**Exercise instructions:**
Starting at the line that contains "ÆÄÁÖ½Ã¿Í 75°³ °øµ¿ÁÖÅà", copy every line through the end of the records below exactly as written, leaving out pictures.

**Records provided:**
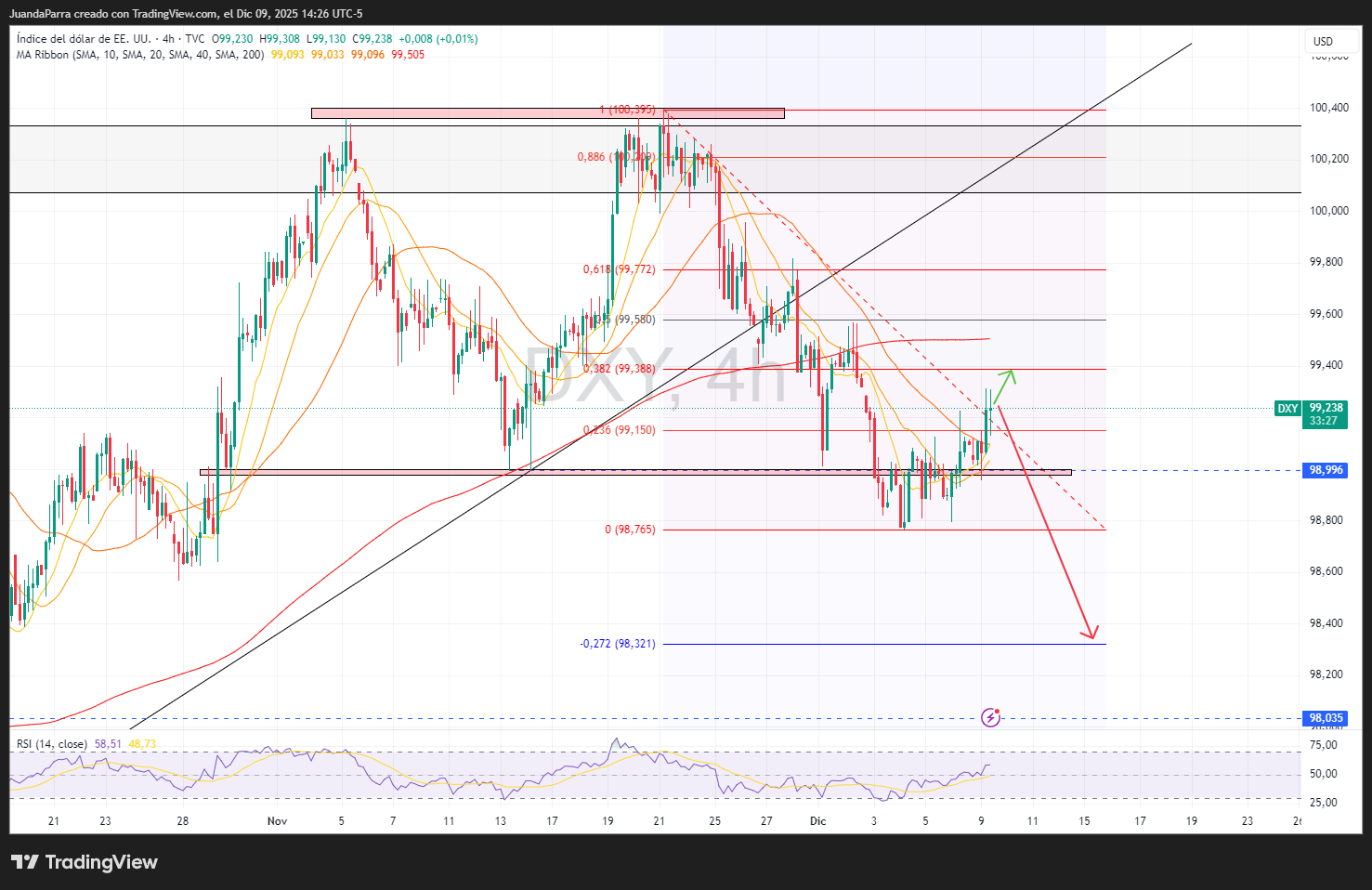 📈  Escenario Alcista: Va a buscar los niveles de 99,400-99,500, o más arriba hasta la línea de tendencia que rompió y probablemente un tercer techo
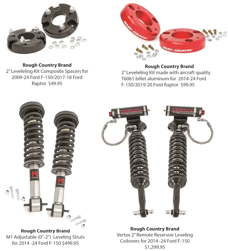This is just a sampling of leveling kits for a Ford F-150 truck from supplier Rough Country (www.roughcountry.com). Starting at the upper left, see their inexpensive composite spacers. To the right, you’ll see their billet aluminum spacers. At the bottom, you’ll see some of Rough Country’s mechanically and pneumatically adjustable coilovers. The mechanically adjustable coilovers allow you to adjust ride height from 0″ to 2″. The pneumatically adjustable coilovers allow you to adjust ride height and comfort.
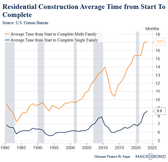 As we can observe, the time taken to complete a multi-family housing rose significantly from 14 months pre-COVID to 17 months. So, one can assume that today's completions began in Q422/Q123.
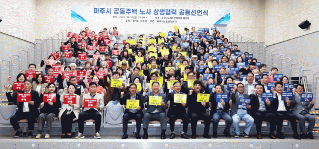 ÆÄÁÖ½Ã¿Í 75°³ °øµ¿ÁÖÅà ´ÜÁö°¡ Âü¿©ÇÑ À̹ø Çù·Â½ÄÀ¸·Î ¾ÆÆÄÆ® ÀÔÁÖÀÚ´ëÇ¥¿Í ´ëÇÑÁÖÅðü¸®»çÇùȸ ÆÄÁÖÁöºÎ, °æºñ³ëµ¿ÀÚ µî °øµ¿ÁÖÅà °ü°èÀÚµé °£ ³ë»ç »ó»ýÀ» À§ÇÑ °ø°¨´ë°¡ Çü¼ºµÆ´Ù. ƯÈ÷ Ãʴܱ⠰è¾à Áö¾ç µî °øµ¿ÁÖÅà ³ëµ¿ÀÚÀÇ ±Ù·Î Á¶°ÇÀÌ ½ÇÁúÀûÀ¸·Î °³¼±µÉ °ÍÀ¸·Î ±â´ëµÈ´Ù.
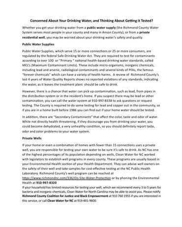 The Richmond County Coalition for Justice and Black Empowerment (RCCFJBE) adressing systemic injustice and environmental racism impacting Black communities. We work to secure clean drinking water, protect Black workers’ rights, and end disproportionate harm caused by industrial practices. Through grassroots organizing and advocacy, we elevate community voices and push for a healthier, more equitable future.

**Response area:**
 ÆÄÁÖ½Ã¿Í 75°³ °øµ¿ÁÖÅà ´ÜÁö°¡ Âü¿©ÇÑ À̹ø Çù·Â½ÄÀ¸·Î ¾ÆÆÄÆ® ÀÔÁÖÀÚ´ëÇ¥¿Í ´ëÇÑÁÖÅðü¸®»çÇùȸ ÆÄÁÖÁöºÎ, °æºñ³ëµ¿ÀÚ µî °øµ¿ÁÖÅà °ü°èÀÚµé °£ ³ë»ç »ó»ýÀ» À§ÇÑ °ø°¨´ë°¡ Çü¼ºµÆ´Ù. ƯÈ÷ Ãʴܱ⠰è¾à Áö¾ç µî °øµ¿ÁÖÅà ³ëµ¿ÀÚÀÇ ±Ù·Î Á¶°ÇÀÌ ½ÇÁúÀûÀ¸·Î °³¼±µÉ °ÍÀ¸·Î ±â´ëµÈ´Ù.
 The Richmond County Coalition for Justice and Black Empowerment (RCCFJBE) adressing systemic injustice and environmental racism impacting Black communities. We work to secure clean drinking water, protect Black workers’ rights, and end disproportionate harm caused by industrial practices. Through grassroots organizing and advocacy, we elevate community voices and push for a healthier, more equitable future.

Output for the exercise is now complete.